§ **ASSIGNMENT**
In the entries below, find the line with "Request More Info" and the line with "정청래 당대표 후보도"; reproduce those two lines and all lines between them exactly, without pictures.

....

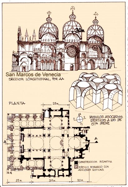 Bereits 1063 erhielt die Kirche ihre, bis heute erhaltene, Grundform, als durchaus modifizierte, und zunehmend erweiterte ‚Nach- also Weiterbildung‘ der Kirche der Zwölf Apostel  in  Konstantinopel / Byzanz, einem fünfkuppeligen Bau auf dem Grundriss eines griechischen Kreuzes, mit zwei Seitenschiffen des Naos, also in Richtung Westen. – Bereits 1094 wurde sie, ‚westlicherseits‘ besonders prominent – durch die Anwesenheit Seiner Kaiserlichen Majestät  Heinrich IV. des  Heiligen Römischen Reiches (HRR) in Venedig – ‚besetz‘, in einem wohl teils östlich-westlich gemischten griechisch-orthoxen Ritual zur ‚offiziellen’ / zeremoniellen Staatskirche (bereits mit Anspielungen, bis durchaus Ansprüchen, als  ‚Dogenbasilika‘) der Serenisima geweiht.
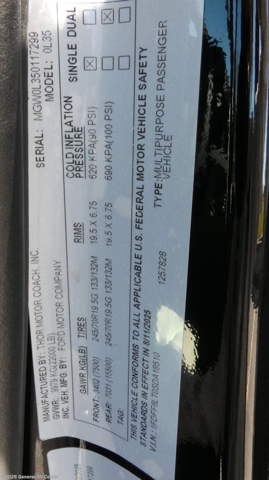 Request More Info on this 2026 Thor Motor Coach Magnitude L35 Offered for sale by General RV Center
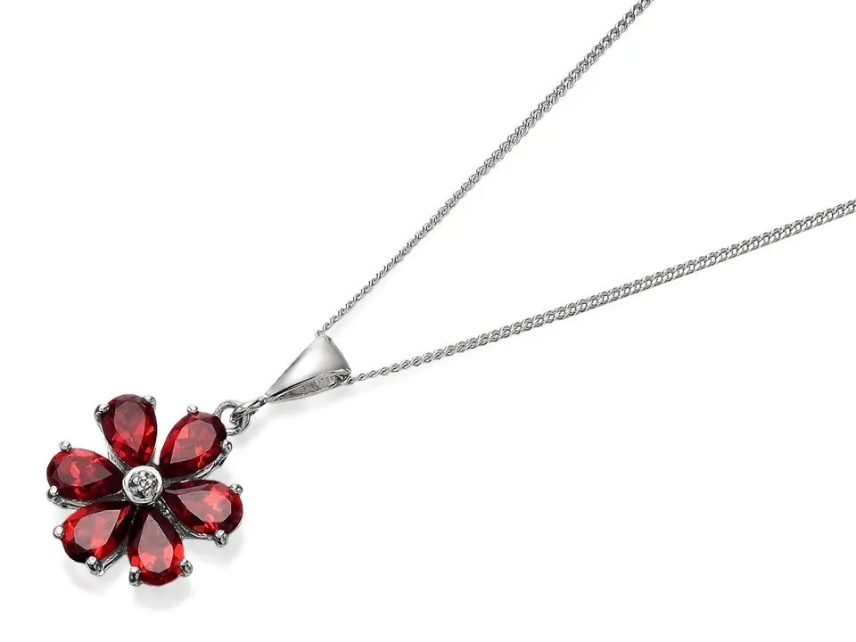 My Diamonds Silver Garnet And Diamond Flower Necklace - D9069
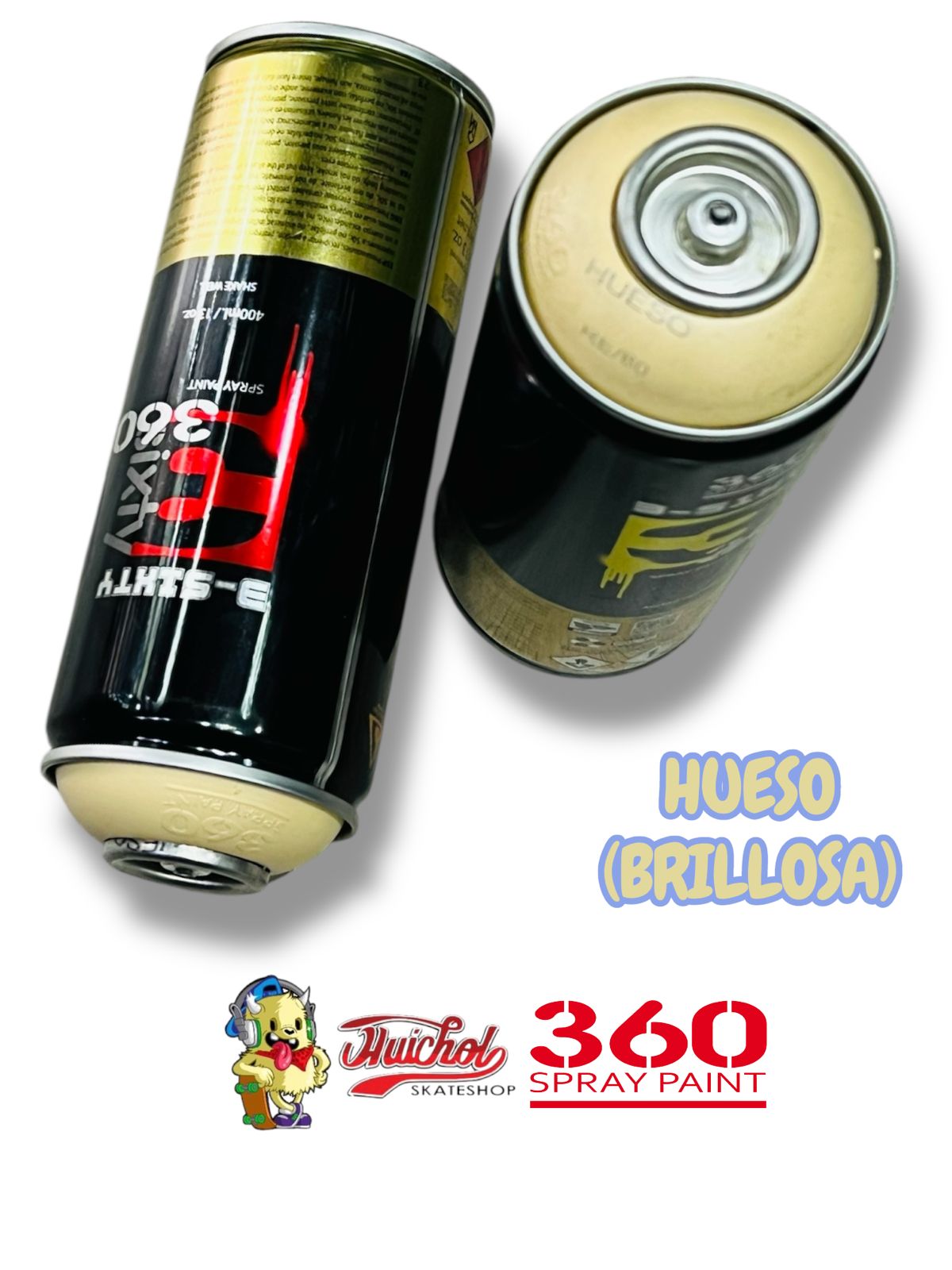 El 360 Spray Paint Color Hueso Brillosa 400ml ofrece un tono neutro claro con efecto brillante que aporta elegancia y versatilidad a proyectos creativos y decorativos.
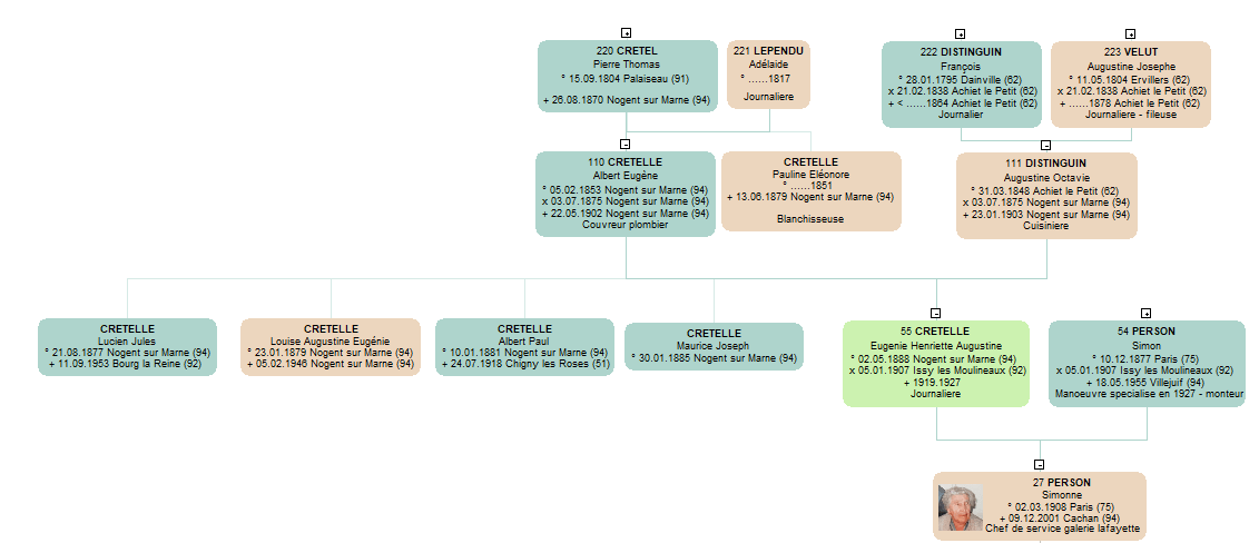 A Nogent-sur-Marne, en 1888, le 02 Mai exactement, Eugénie Henriette Augustine CRETELLE ouvre les yeux. Elle est la fille d’ Albert Eugène et de Augustine Octavie DISTINGUIN, benjamine d’une fratrie de 5 enfants. Je ne sais pas comment Eugénie a vécu son enfance dans cette ville en plein développement, avec l’arrivée du chemin de fer et l’installation des guinguettes le long de la Marne : La ville devient, dans la mémoire collective, comme l’un des lieux de naissance des loisirs de masse.
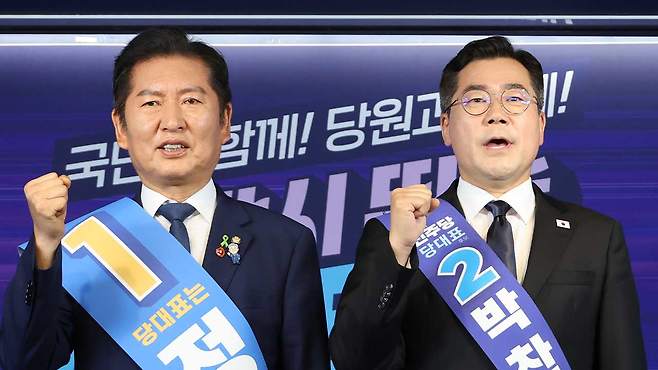 정청래 당대표 후보도 자신의 SNS를 통해 "협치보다 내란척결이 먼저"라며 "총을 든 계엄군을 국회로 보냈던 내란세력과 협치가 가능하느냐, 진정한 사과가 먼저다"라고 말하는 등 국민의힘과 윤 전 대통령 부부를 겨냥한 두 후보간 선명성 경쟁이 연일 이어지고 있습니다.
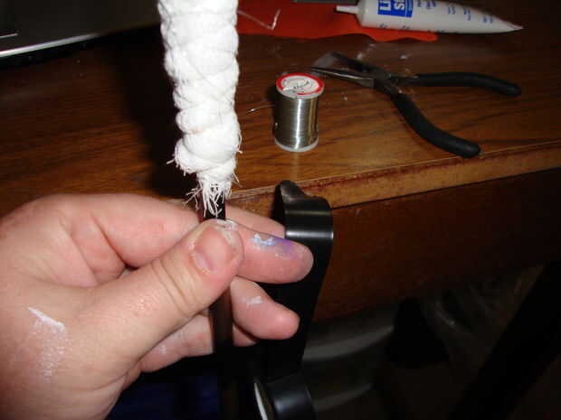 Usted puede ver un montón de paño de queso muestra. Até el cable fuera envolviendo varias veces alrededor del extremo del paño de queso y la flecha. Corte el extremo del cable con alrededor de dos pulgadas queda colgada. Usé para tejer en otras partes del alambre para ayudar a impedir que desentrañar.
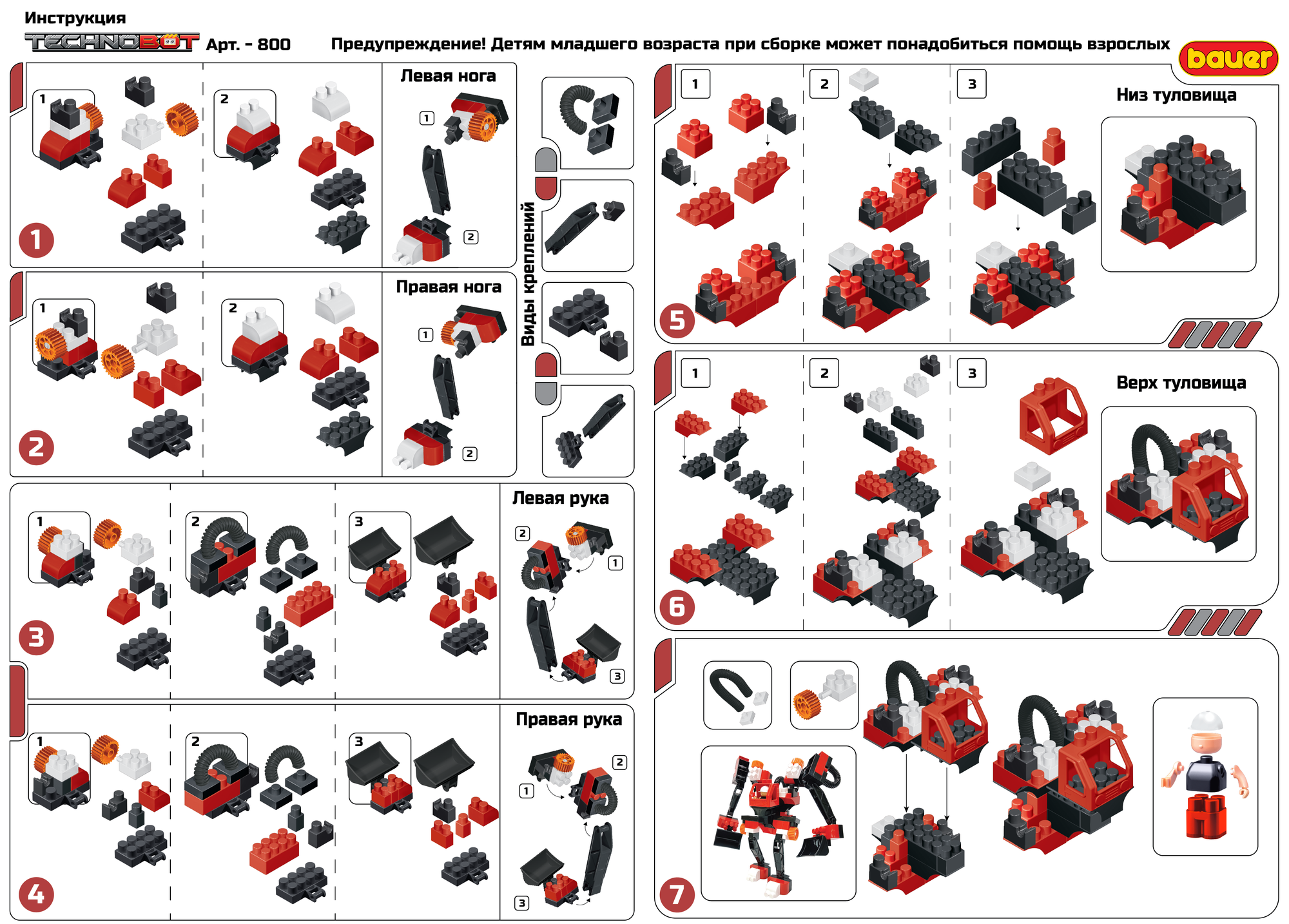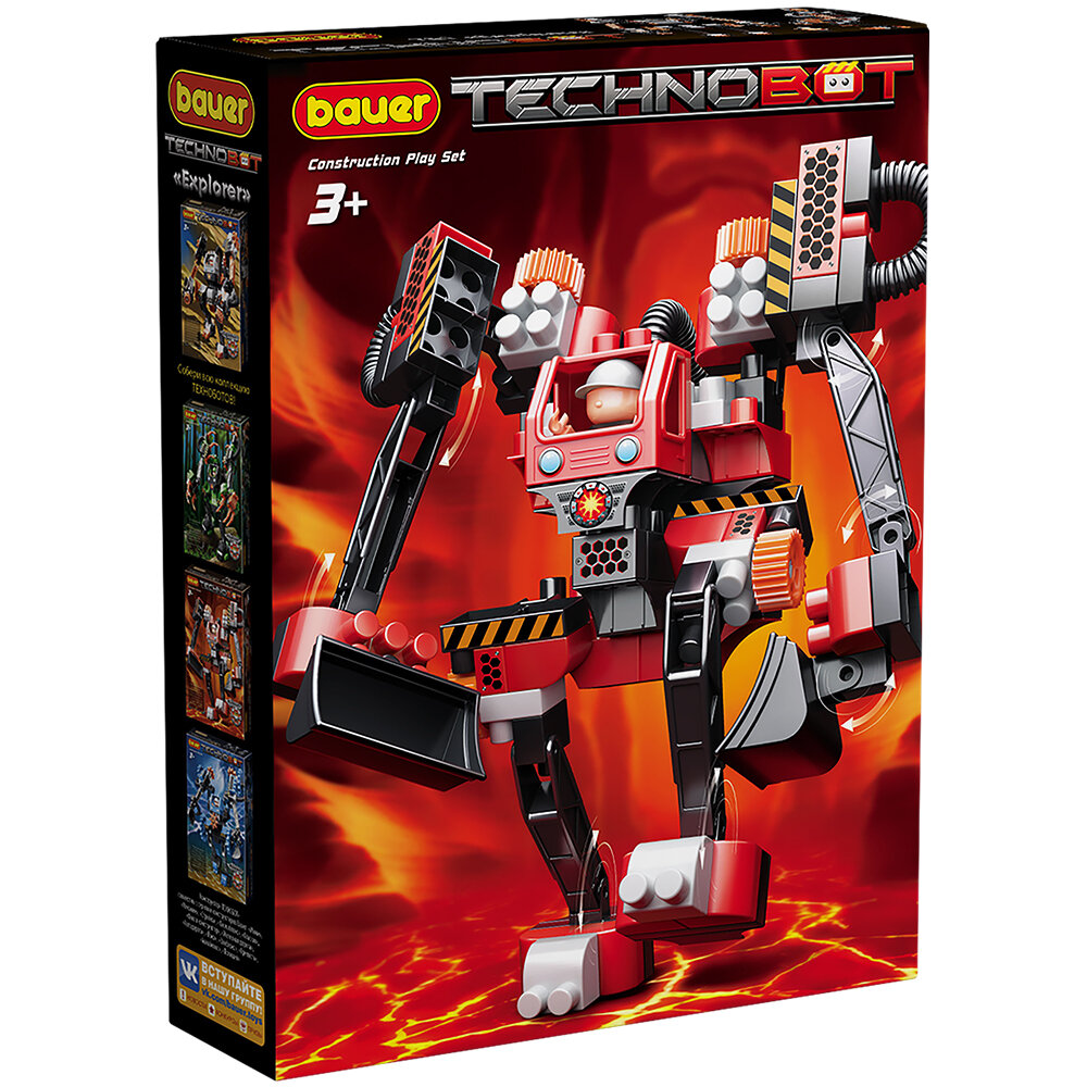 Bauer Конструктор Bauer 800 Technobot Набор с большим роботом и пилотом (цвет чёрный, красный) .
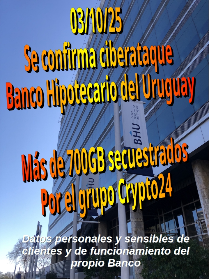 En el día de hoy, 3/10/2025, el grupo Crypto24 acaba de hacer pública en la Dark Web la autoría del ataque de ransomware al BHU. Esto ha sido confirmado por varias empresas de seguridad internacionales y distintos medios de noticias. Desde el día de ayer los servicios del Banco estaban fuera de línea tanto en …
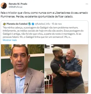 Porém, o jornalista Renato Maurício Prado fez questão de rebater o ex-jogador, alegando que ele torce para um rival do Fla e perdeu a oportunidade de ficar calado. “Fala o tricolor que vibrou como nunca com a Libertadores do seu amado Fluminense. Perdeu excelente oportunidade de ficar calado”.
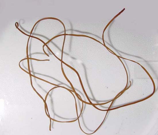 Very long, tough, unsegmented, wiry worm-like animals; sometimes found tangled in writhing masses |

....

§ **THE COMPLETED TASK**
 Request More Info on this 2026 Thor Motor Coach Magnitude L35 Offered for sale by General RV Center
 My Diamonds Silver Garnet And Diamond Flower Necklace - D9069
 El 360 Spray Paint Color Hueso Brillosa 400ml ofrece un tono neutro claro con efecto brillante que aporta elegancia y versatilidad a proyectos creativos y decorativos.
 A Nogent-sur-Marne, en 1888, le 02 Mai exactement, Eugénie Henriette Augustine CRETELLE ouvre les yeux. Elle est la fille d’ Albert Eugène et de Augustine Octavie DISTINGUIN, benjamine d’une fratrie de 5 enfants. Je ne sais pas comment Eugénie a vécu son enfance dans cette ville en plein développement, avec l’arrivée du chemin de fer et l’installation des guinguettes le long de la Marne : La ville devient, dans la mémoire collective, comme l’un des lieux de naissance des loisirs de masse.
 정청래 당대표 후보도 자신의 SNS를 통해 "협치보다 내란척결이 먼저"라며 "총을 든 계엄군을 국회로 보냈던 내란세력과 협치가 가능하느냐, 진정한 사과가 먼저다"라고 말하는 등 국민의힘과 윤 전 대통령 부부를 겨냥한 두 후보간 선명성 경쟁이 연일 이어지고 있습니다.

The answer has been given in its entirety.